Linear vs quadratic vs exponential — three curves, three stories

Not every function is a straight line. A linear function like y = 2x grows at a constant rate. A quadratic like y = x^2 grows faster and faster. An exponential like y = 2^x grows faster than either — eventually it dwarfs everything else.

Understanding the difference matters in real life: a salary that grows linearly adds the same raise each year; an investment that grows exponentially doubles on a schedule; a ball thrown upward follows a quadratic path.

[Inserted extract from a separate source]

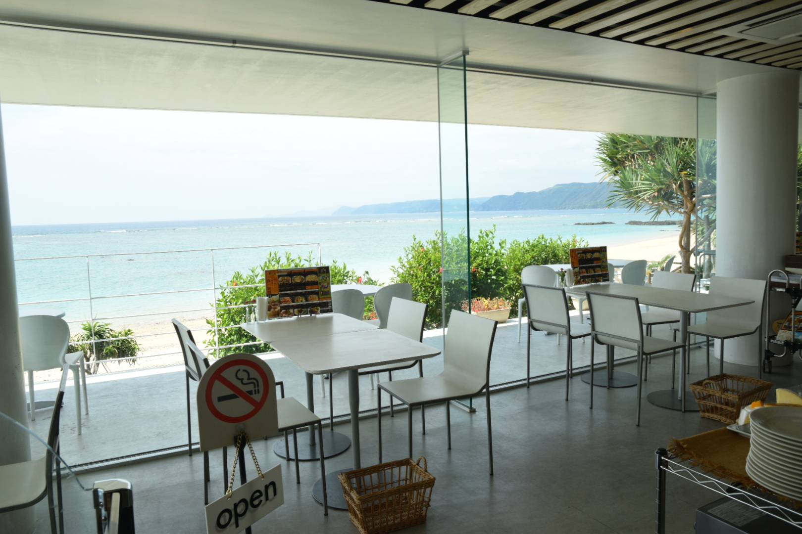空港からホテルカレッタに来る途中、ホテルばしゃ山村さんを過ぎてすぐ。きれいな用安ビーチを眺めながらおいしい食事ができる「きょら海工房」さんです。

In this lesson, you'll see all three on one graph and discover what makes each one unique.

Graph

FAQ

What is a non-linear function?
A non-linear function is any function whose graph is not a straight line. Quadratics (parabolas), exponentials, square roots, and trigonometric functions are all non-linear. The rate of change is not constant — it speeds up, slows down, or oscillates.
How does quadratic growth differ from linear?
A linear function adds the same amount each step (constant rate of change). A quadratic adds more and more each step — the rate of change itself increases linearly. For example, at x = 1, x² = 1; at x = 10, x² = 100; the jumps get bigger.
Why does exponential growth beat everything?
An exponential function multiplies by a constant factor each step, so it doubles, then doubles again. Eventually it overtakes any polynomial. At x = 10: 2x = 20, x² = 100, 2^x = 1024. At x = 20: 2x = 40, x² = 400, 2^x = 1,048,576.
When do I use each type of function?
Use linear for constant-rate situations (flat salary increase, constant speed). Use quadratic for acceleration (free fall, area). Use exponential for compound growth (interest, population, radioactive decay).